Eugène Louis Hatin (8 September 1809 – 16 September 1893) was a 19th-century French historian, journalist and bibliographer.

Biography 
Hatin was educated at the college of his native city and then went to Paris where he devoted himself to various anonymous work of library, while filling the position of proofreader.

The first books he published, on subjects of history and geography, had only a mediocre success and would certainly not have been enough to make his name remembered. In 1846 he published his first work on journalism. His extensive work  Histoire politique et littéraire de la presse en France was considered to have no equivalent abroad.

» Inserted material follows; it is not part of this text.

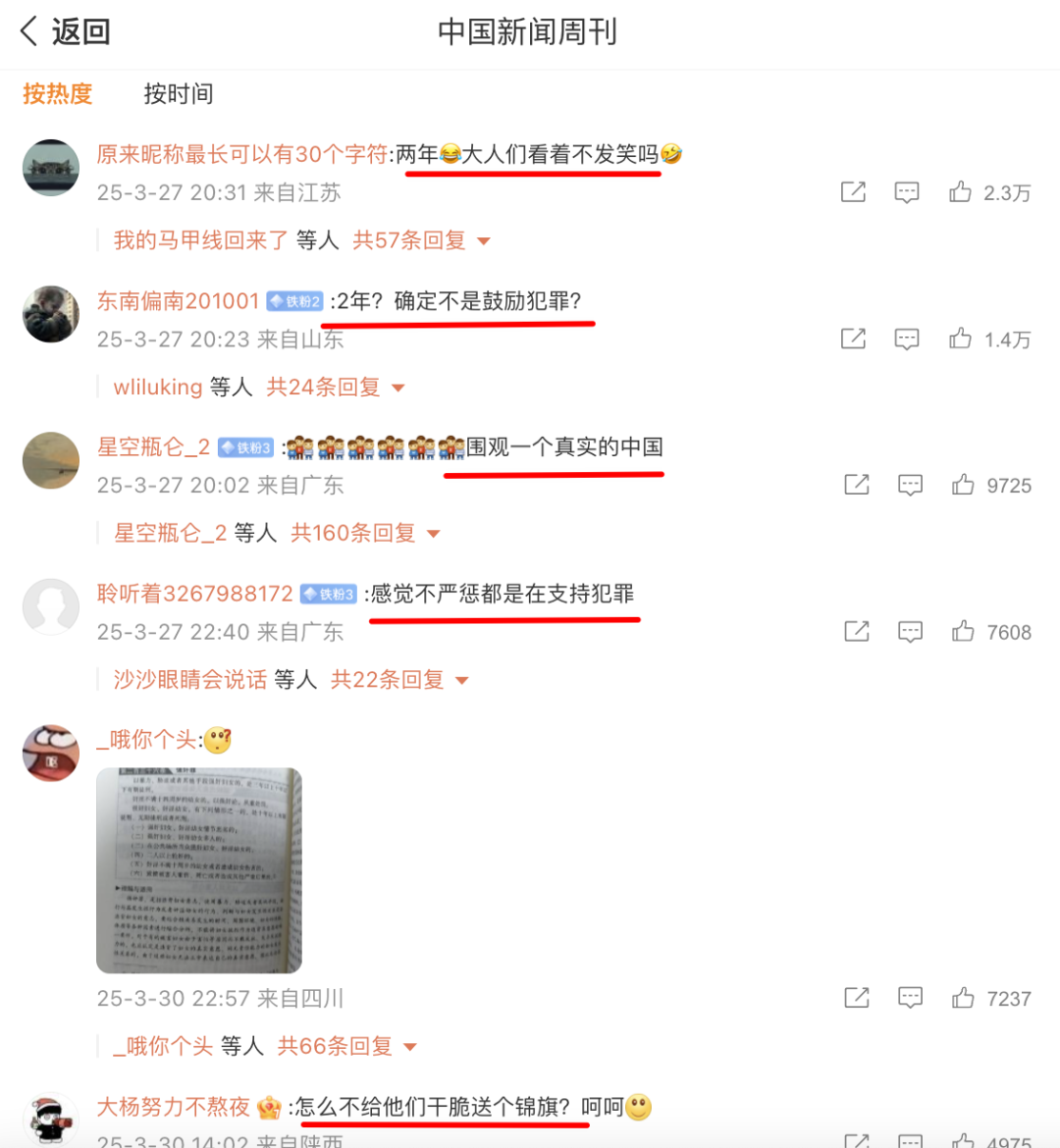 说实话,我也不知道。但是同样从新闻下面的评论区里,你能轻而易举的看出人们的态度:两年?你们要不要看看自己在说什么,大人们看着不发笑吗?

His Bibliographie de la presse is a valuable collection abondant with curious information.

Hatin also collaborated with the Dictionnaire des Dates, the Histoire des villes de France, the Complément de l’Encyclopédie du XIXe, etc., and created the first political newspaper to five centimes la Seine and, in 1854, the périodical l’Union littéraire later renamed Bulletin des sociétés savantes.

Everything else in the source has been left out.